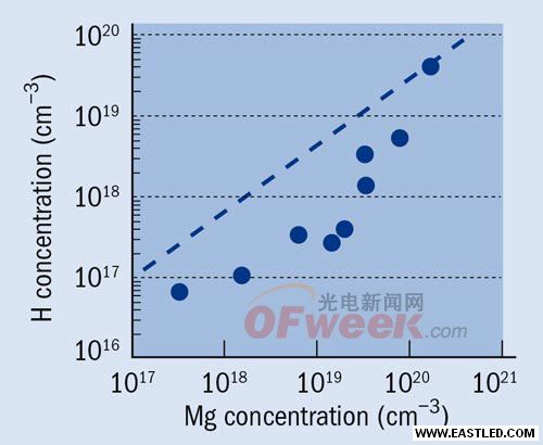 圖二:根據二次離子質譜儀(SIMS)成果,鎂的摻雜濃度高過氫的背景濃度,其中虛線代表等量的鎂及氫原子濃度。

■ ■ ■ ■ ■

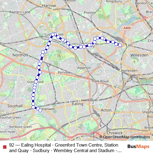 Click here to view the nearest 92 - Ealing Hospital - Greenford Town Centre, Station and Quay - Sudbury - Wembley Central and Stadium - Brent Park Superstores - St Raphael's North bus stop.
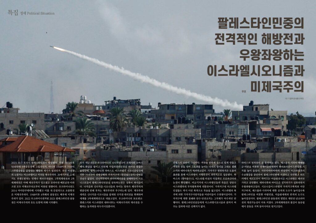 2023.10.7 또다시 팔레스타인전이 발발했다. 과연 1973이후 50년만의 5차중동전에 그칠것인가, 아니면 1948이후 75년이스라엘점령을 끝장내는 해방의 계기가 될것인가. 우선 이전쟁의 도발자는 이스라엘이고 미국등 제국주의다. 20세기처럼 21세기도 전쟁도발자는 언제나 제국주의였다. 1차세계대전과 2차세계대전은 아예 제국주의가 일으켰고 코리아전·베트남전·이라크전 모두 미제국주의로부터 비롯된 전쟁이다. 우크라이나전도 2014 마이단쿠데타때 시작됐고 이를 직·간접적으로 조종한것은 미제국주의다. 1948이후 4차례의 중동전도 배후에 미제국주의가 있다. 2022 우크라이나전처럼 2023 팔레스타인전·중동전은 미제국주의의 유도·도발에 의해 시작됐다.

■ ■ ■ ■ ■

# TASK DETAILS
Copy the listing above exactly, but only from the line with "Click here to" through the line with "2023.10.7 또다시 팔레스타인전이", including those two lines and excluding any picture.

# ANSWER
 Click here to view the nearest 92 - Ealing Hospital - Greenford Town Centre, Station and Quay - Sudbury - Wembley Central and Stadium - Brent Park Superstores - St Raphael's North bus stop.
 2023.10.7 또다시 팔레스타인전이 발발했다. 과연 1973이후 50년만의 5차중동전에 그칠것인가, 아니면 1948이후 75년이스라엘점령을 끝장내는 해방의 계기가 될것인가. 우선 이전쟁의 도발자는 이스라엘이고 미국등 제국주의다. 20세기처럼 21세기도 전쟁도발자는 언제나 제국주의였다. 1차세계대전과 2차세계대전은 아예 제국주의가 일으켰고 코리아전·베트남전·이라크전 모두 미제국주의로부터 비롯된 전쟁이다. 우크라이나전도 2014 마이단쿠데타때 시작됐고 이를 직·간접적으로 조종한것은 미제국주의다. 1948이후 4차례의 중동전도 배후에 미제국주의가 있다. 2022 우크라이나전처럼 2023 팔레스타인전·중동전은 미제국주의의 유도·도발에 의해 시작됐다.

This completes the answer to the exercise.